The articles reflect an effort by Mr. Obama to pre-empt the arguments Mr. Trump or Republicans are likely to employ as they work to roll back Mr. Obama’s key accomplishments in the coming years.

Secretary of State John Kerry, one of Mr. Obama’s top allies on climate change, echoed the president in a speech Monday at Massachusetts Institute of Technology. Mr. Kerry said the answers to climate change are relatively straightforward and depend on the U.S. relying on cleaner sources like solar, wind, biomass and nuclear energy, but added that he didn’t know what policies Mr. Trump and the next secretary of state would pursue.

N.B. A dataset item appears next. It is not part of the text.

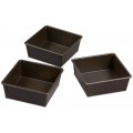 Cake Mold, 4"L x 4"W x 1-3/5"H, square, tinned steel, non-stick, brown

Mr. Obama has turned to an unusual format to make his case to Mr. Trump to preserve his policies — writing in academic and policy journals. In the last week, Mr. Obama also published articles under his name in the Harvard Law Review about his efforts on criminal justice reform and in the New England Journal of Medicine defending his healthcare law, which Republicans are poised to repeal. 

During the campaign, Mr. Trump vowed to reinvigorate the U.S. coal industry and dismantle Mr. Obama regulations targeting coal-fired power plants. More recently, he’s suggested he’s keeping an open mind about climate change and about whether he’ll pull the U.S. out of the global emissions-cutting deal struck in Paris in 2015 that Obama helped broker.